In a recent lecture at the American Enterprise Institute, Charles Murray gave a preview of his forthcoming book, “Coming Apart at the Seams.” His thesis: America has never been a classless society, but over the last half century the United States has developed new lower and upper classes that diverge on core behaviors and values to an unprecedented degree. The divergence of America into these separate classes is different in kind from anything America has ever known, maintains Murray, and if it continues, will end “the American way of life.”

What has Murray so troubled are disconcerting trends in the white working class, for if things are bad in the lower middle class, things can’t be good in the country as a whole. Looking at America’s four essential Founding virtues (Industriousness, Honesty, Marriage, and Religiosity), Murray finds widening gaps between the upper-middle and working classes:

Marriage: In 1960, 88% of the upper-middle class was married, versus 83% of the working class, a negligible 5% gap. Today, 83% of the upper-middle class is married, but among the working class, marriage has collapsed: only 48% are married. That’s a revolutionary change, as is the percentage of children born to working class single women (from 6% to nearly 50% in the last 50 years).

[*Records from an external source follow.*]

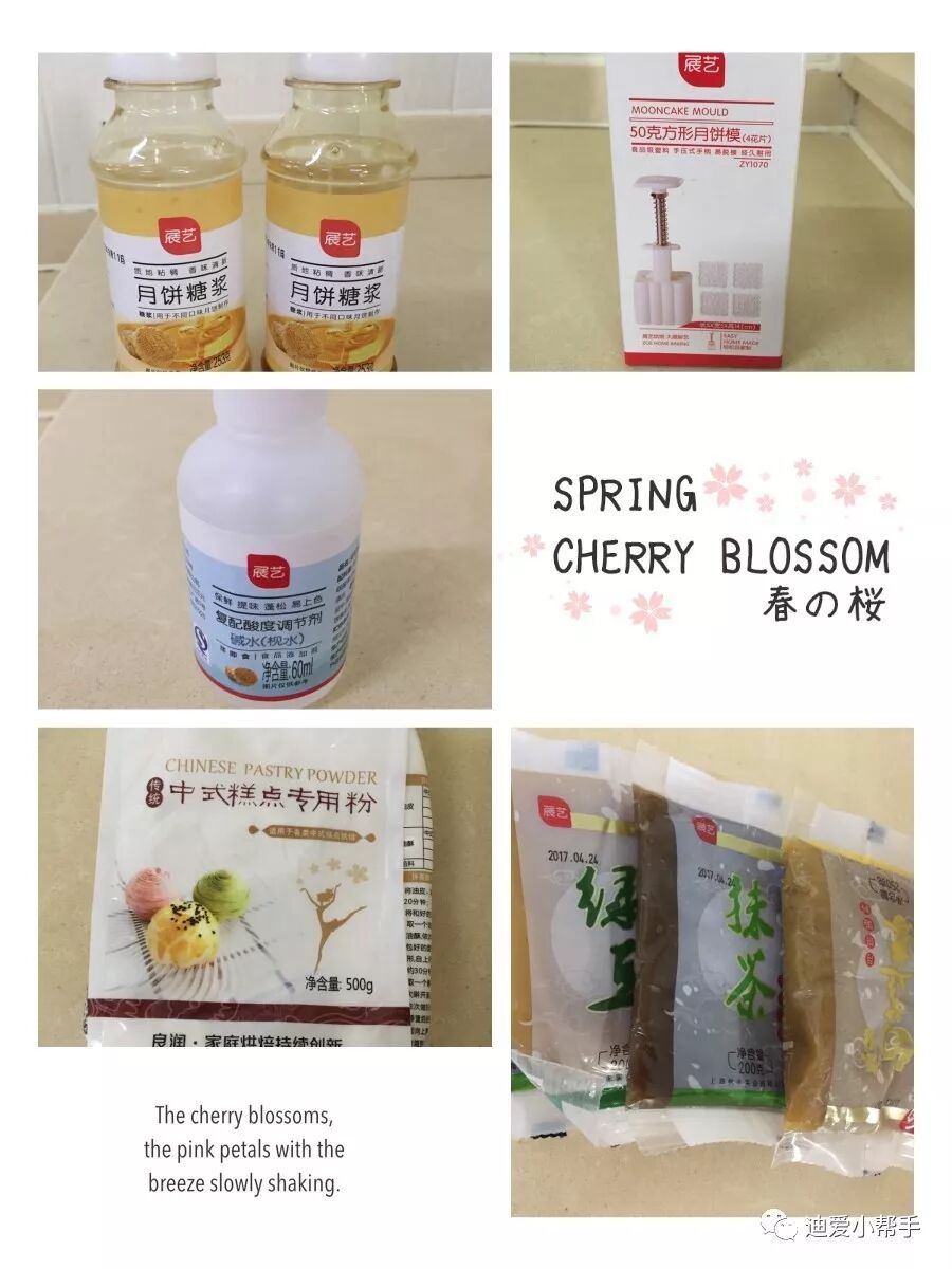 首先要准备好制作月饼的材料,有糖浆、面粉、植物油、月饼模具、碱水、还有各种口味的馅料。
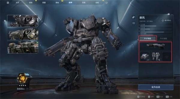配置与猎场/时空追猎不同,必须使用PVP专属机甲配置
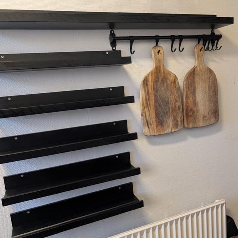 hylder , Ikea, 2 sorte Mosslanda billedhylder fra Ikea. (Uden skruer) Længden er 55 cm.
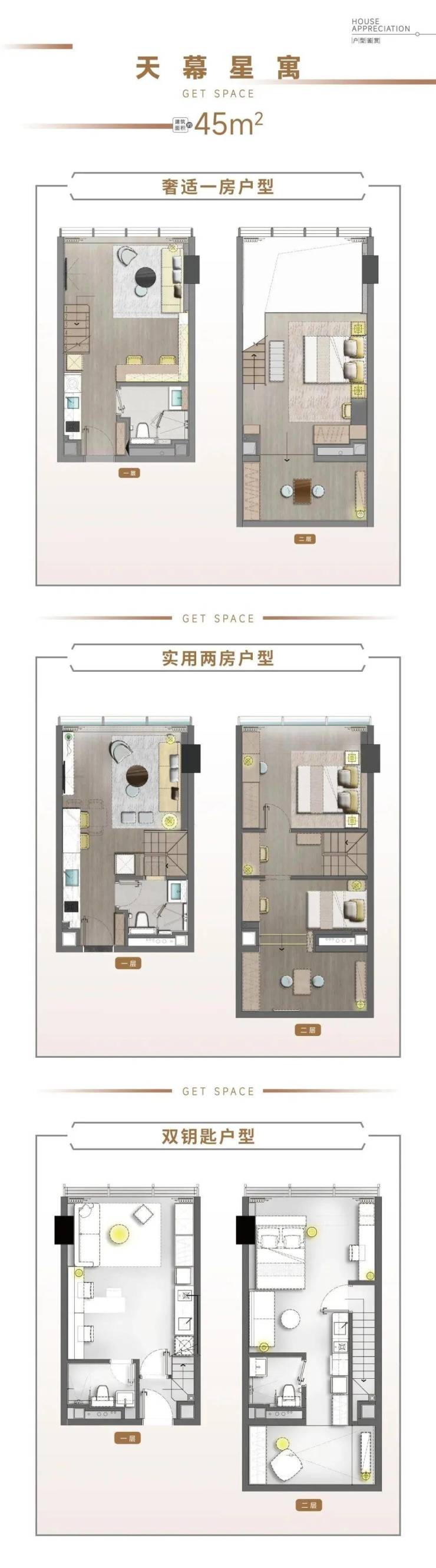 【产品面积】:天幕星寓45-60㎡,百变复式150-223㎡

Industriousness: The percentage of working class males not in the workforce went from 5% in 1968 to 12% in 2008. Among those with jobs, the percentage working less than 40 hours a week increased from 13% in 1960 to 21% in 2008.

Religiosity: The percentage of Americans saying they have no religion increased from 4% in 1972 to 21% in 2010. A substantial majority of the upper-middle class (58%) retains some meaningful form of religious involvement, whereas a substantial majority of the working class (61%) does not.

Honesty: The great increases in crime and incarceration over the past decades have overwhelmingly victimized working class communities, while hardly touching upper-middle class communities.